W III kwartale PKN Orlen wypracował prawie 3,2 mld zł skonsolidowanego zysku EBITDA LIFO. Tym samym podstawowy wskaźnik dla płockiego koncernu był o 31,7 proc. lepszy od zanotowanego rok wcześniej. Tak dobry wynik został wypracowany głównie w efekcie dodatniego wpływu czynników makroekonomicznych, wzrostu wolumenów sprzedaży, wyższych marż handlowych w hurcie i detalu. Koncern wykazał też rekordowy przerób ropy oraz najwyższy w historii wynik w segmencie detalicznym. EBITDA LIFO byłby jeszcze lepsza, gdyby nie ujemny wpływ przeszacowania zapasów oraz wyższe koszty stałe i koszty pracy.
W III kwartale PKN Orlen zanotował za to spadek przychodów o 3,7 proc. (do 29,2 mld zł) i czystego zarobku o 39 proc. (do 1,7 mld zł.). Słabsze przychody to konsekwencja niższych notowań produktów rafineryjnych i petrochemicznych na skutek spadku cen ropy. Z kolei zniżka zysku netto wynika głównie z przeszacowania zapasów ropy oraz ujemnego salda netto z tytułu różnic kursowych oraz kosztów odsetkowych.
- Decyzje biznesowe w połączeniu z determinacją w ich realizacji przynoszą wymierne efekty. Konsekwentnie zwiększamy skalę działania. Bardzo dobre wyniki grupy Orlen potwierdzają słuszność naszych decyzji - mówi cytowany w komunikacie prasowym Daniel Obajtek, prezes PKN Orlen.

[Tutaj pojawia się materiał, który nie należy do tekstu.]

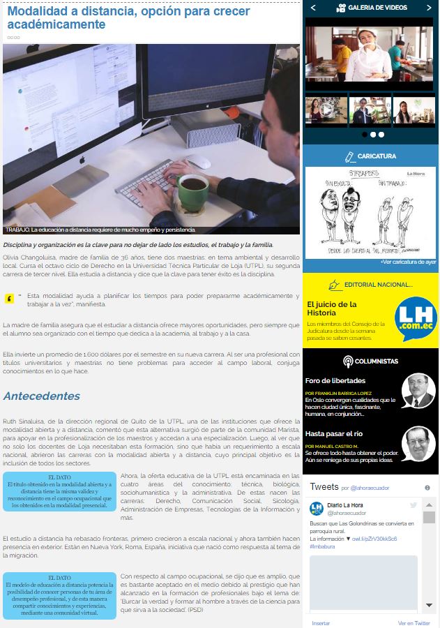 Diario La Hora en su edición web del lunes 4 de junio de 2018, publicó sobre la clave y oportunidades que ofrece el estudio a distancia. Aseguran que el título que se obtiene en esta modalidad cuenta con la misma validez y reconocimiento que los estudios presenciales.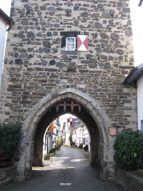 Durch das Neutor kann man schon die alten Fachwerk Häuser Erpels sehen und den Turm der Kirche.

Dodaje, że w III kwartale koncern znacząco wzmocnił też wizerunek i postrzeganie marki Orlen nie tylko w Polsce, ale globalnie, co przełożyło się na kolejne rekordowe zyski w detalu. - Jesteśmy w bardzo dobrej kondycji finansowej, mamy solidną bazę do dalszego rozwoju i realizacji strategicznych projektów, które są tak ważne dla przyszłości grupy Orlen. Szczególnie w kontekście dalszego wzmacniania pozycji na rynku krajowym i zagranicznym - twierdzi Obajtek.
Wypracowane wyniki finansowe są porównywalne z szacowanymi przez analityków, zwłaszcza na poziomie zysku EBITDA LIFO. Słabszy od oczekiwań jest jedynie czysty zarobek.